John Calvin Commentary Psalms 38:5

John Calvin Commentary

Psalms 38:5

1509–1564
Protestant
John Calvin
John Calvin

John Calvin Commentary

Psalms 38:5

1509–1564
Protestant
SCRIPTURE

"My wounds are loathsome and corrupt, Because of my foolishness." — Psalms 38:5 (ASV)

My wounds have become putrid. In this verse, he pleads the long continuation of his disease as an argument for obtaining some alleviation. When the Lord declares, concerning his Church,

that her warfare is accomplished, that her iniquity is pardoned,
for she has received of the Lord’s hand double for all her sins
(Isaiah 40:2).

His meaning is that when he has sufficiently chastised his people, he is quickly pacified towards them. Moreover, if he continues to manifest his displeasure for too long a time, he becomes through his mercy, as it were, weary of it, so that he hastens to give deliverance, as he says in another place,

For my name’s sake will I defer my anger, and for my praise will I refrain for you, that I do not cut you off. Behold, I have refined you, but not with silver; I have chosen you in the furnace of affliction (Isaiah 48:9–10).

The object, therefore, which David has in view in complaining of the long continuance of his misery is that when he had endured the punishment which he had merited, he might at last obtain deliverance. It was certainly no slight trial to this servant of God to be thus kept in continual languishing and, as it were, to putrefy and be dissolved into corruption in his miseries.

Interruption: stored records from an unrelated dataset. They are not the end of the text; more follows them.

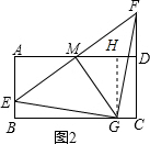 (2)过点G作GH⊥AD于H,推出四边ABGH为矩形,得到∠AME+∠AEM=90°,由于∠AME+∠GMH=90°等量代换得到∠AEM=∠GMH,推出△AEM≌△HMG(AAS),根据全等三角形的性质得到ME=MG,求得∠EGM=45°.根据全等三角形的性质得到ME=MF.即可得到结论;
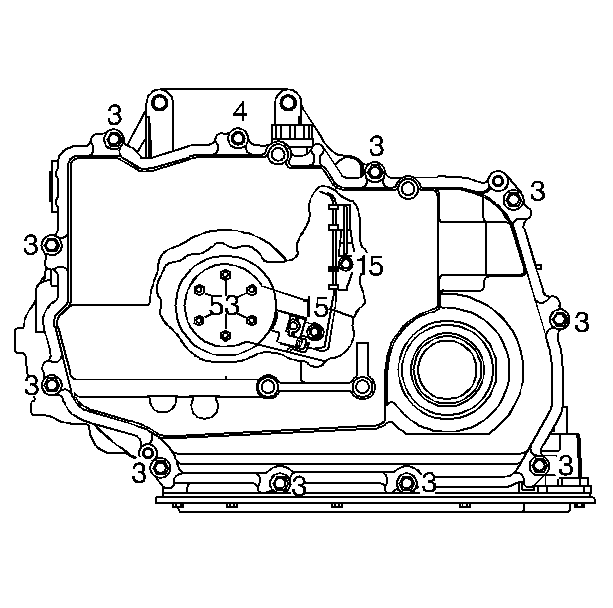 Hand start and then tighten the side cover bolts and stud to 20 N·m (15 lb ft).
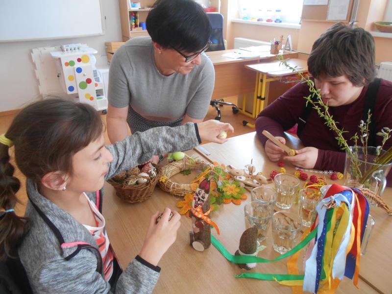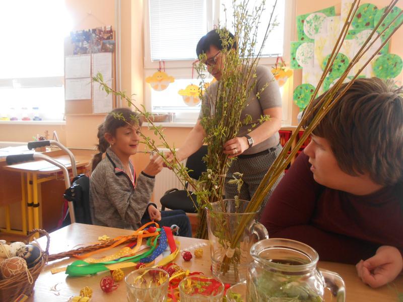 Posezení u beránka, pití kopřivového čaje, zdobení věnečku, pletení pomlázky, zvyky a tradice k svátku jara přispěli k příjemné atmosféře dopolední výuky v I. třídě.

In this, his constancy is the more to be admired, for it neither faltered due to the long period of delay nor failed under the immense load of suffering.

By using the term foolishness instead of sin, he does not seek in this way to extenuate his faults, as hypocrites do when they are unable to escape the charge of guilt. For, to excuse themselves in part, they allege the false pretense of ignorance, pleading and wishing it to be believed that they erred through imprudence and inadvertence.

But, according to a common mode of expression in the Hebrew language, by the use of the term foolishness, he acknowledges that he had been out of his right mind when he obeyed the lusts of the flesh in opposition to God.

The Spirit, by employing this term in so many places to designate the most atrocious crimes, certainly does not mean to extenuate the criminality of men, as if they were guilty merely of some slight offenses. Rather, the Spirit charges them with maniacal fury because, blinded by unhallowed desires, they willfully fly in the face of their Maker.

Accordingly, sin is always conjoined with folly or madness. It is in this sense that David speaks of his own foolishness; as if he had said that he was void of reason and transported with madness, like the infatuated rage of wild beasts, when he neglected God and followed his own lusts.